▶ [Work order]:
Set every record down verbatim and omit the pictures.

++++ Dataset entries

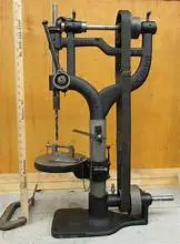 More like the 1920's. That's a much later motor and pulley system than the press originally came with. Below is what the original setup would have looked like, and the belt would originally have been made of leather. Beautiful restoration though!old school style
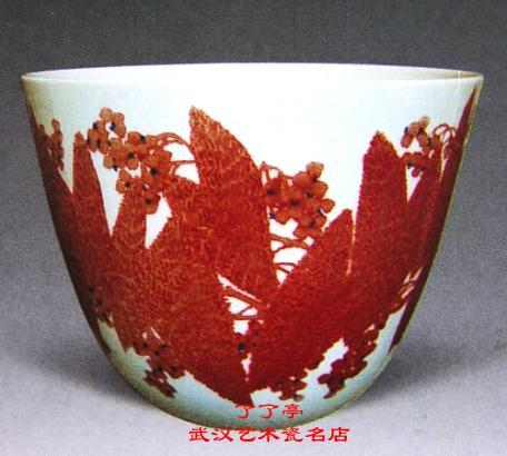 明清以来,海棠因其谐音而有富贵满堂的吉祥寓意。这件作品全用釉里红装饰,从整体上看,红白相间,点、线、面组成热烈的交响,细看肌理丰富,丽人寻味。作品另一个特点是具有环视效果,装饰与造型组合非常紧,枞每一个角度看都有欣蒉价值。这本是二方连续的特点,作品吸取了这一形式中的某些因素,加以变化,每个角度都可以说是主要面,随意一摆都好看。 |
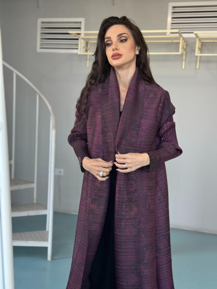 Embroi Abaya, Aqua marine crepe with big pearl botton
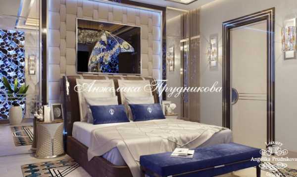 На фото: Спальня в квартире в ЖК «Симфония набережных»Интерьер спальни в стиле ар-деко с синими акцентами и голубоватой подсветкой украшает декоративное панно с изображением бабочки, символизирующей изящество и хрупкость.
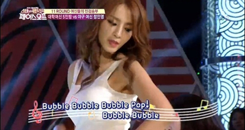 흰민소매 티셔츠와 핫팬츠를 입은 정인영 아나운서는 포미닛 현아의 ‘버블팝’’ 댄스를 선보였다. 특히 포인트 안무인 골반댄스를 완벽하게 재연해 시청자의 눈길을 사로잡았다.
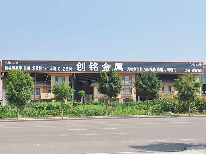 濰坊創銘金屬制品有限公司位于山東臨朐江北物流城,地理位置好。是本地區一家集鍍鋅板卷材、鍍鋅板開平、縱剪、樓層承重板、12米天溝、C、Z型鋼、彩鋼瓦、巖棉復合板、剪板折彎等產品及板材批發、零售、加工、配送的公司。
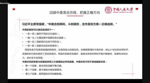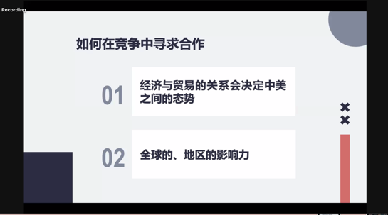 来自中国人民大学的符新悦同学从目前两国关系的现局出发,回顾了过去中美双方竞合的历史,指出两国应以全局和长远利益为重,共同把握中美经贸关系健康发展的方向。
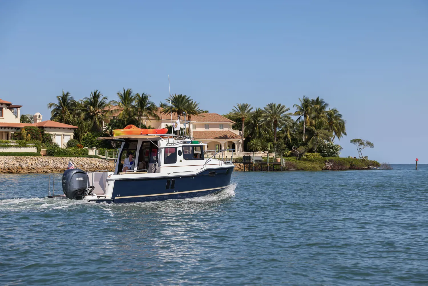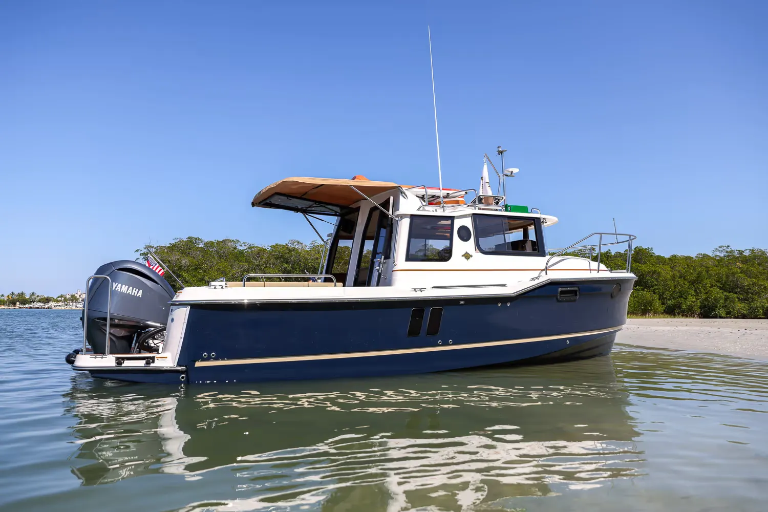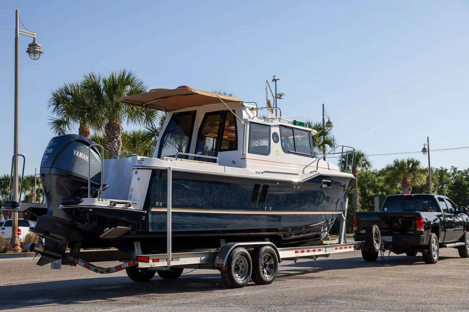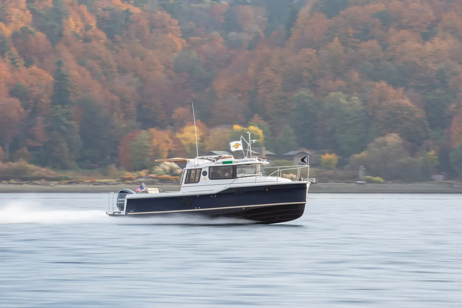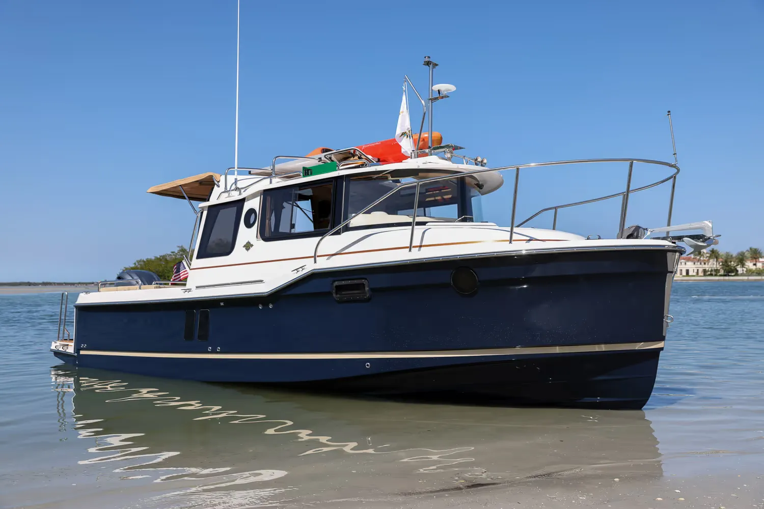 The R-25 is a feature-packed cruiser designed for comfort, ease of use, and FUN! You’ll find the Ranger Tugs DNA built into every facet of the R-25’s thoughtful design. Right away you’ll notice one of the most innovative features of the R-25, our Clear-Path swim platform. The extended swim platform wraps around the outboard to present a clear walkway free of all engine rigging, which opens a whole new world of fishing, cruising, and water-sports opportunities. This exciting new design features heavy duty handrails and allows you to safely and easily board a dinghy, net a fish, step to or from a low dock (important for pets), and med-tie without fear of damaging your outboard and having to leap to the dock.

++++++++

▶ [Problem solution]:
 More like the 1920's. That's a much later motor and pulley system than the press originally came with. Below is what the original setup would have looked like, and the belt would originally have been made of leather. Beautiful restoration though!old school style
 明清以来,海棠因其谐音而有富贵满堂的吉祥寓意。这件作品全用釉里红装饰,从整体上看,红白相间,点、线、面组成热烈的交响,细看肌理丰富,丽人寻味。作品另一个特点是具有环视效果,装饰与造型组合非常紧,枞每一个角度看都有欣蒉价值。这本是二方连续的特点,作品吸取了这一形式中的某些因素,加以变化,每个角度都可以说是主要面,随意一摆都好看。 |
 Embroi Abaya, Aqua marine crepe with big pearl botton
 На фото: Спальня в квартире в ЖК «Симфония набережных»Интерьер спальни в стиле ар-деко с синими акцентами и голубоватой подсветкой украшает декоративное панно с изображением бабочки, символизирующей изящество и хрупкость.
 흰민소매 티셔츠와 핫팬츠를 입은 정인영 아나운서는 포미닛 현아의 ‘버블팝’’ 댄스를 선보였다. 특히 포인트 안무인 골반댄스를 완벽하게 재연해 시청자의 눈길을 사로잡았다.
 濰坊創銘金屬制品有限公司位于山東臨朐江北物流城,地理位置好。是本地區一家集鍍鋅板卷材、鍍鋅板開平、縱剪、樓層承重板、12米天溝、C、Z型鋼、彩鋼瓦、巖棉復合板、剪板折彎等產品及板材批發、零售、加工、配送的公司。
 来自中国人民大学的符新悦同学从目前两国关系的现局出发,回顾了过去中美双方竞合的历史,指出两国应以全局和长远利益为重,共同把握中美经贸关系健康发展的方向。
 The R-25 is a feature-packed cruiser designed for comfort, ease of use, and FUN! You’ll find the Ranger Tugs DNA built into every facet of the R-25’s thoughtful design. Right away you’ll notice one of the most innovative features of the R-25, our Clear-Path swim platform. The extended swim platform wraps around the outboard to present a clear walkway free of all engine rigging, which opens a whole new world of fishing, cruising, and water-sports opportunities. This exciting new design features heavy duty handrails and allows you to safely and easily board a dinghy, net a fish, step to or from a low dock (important for pets), and med-tie without fear of damaging your outboard and having to leap to the dock.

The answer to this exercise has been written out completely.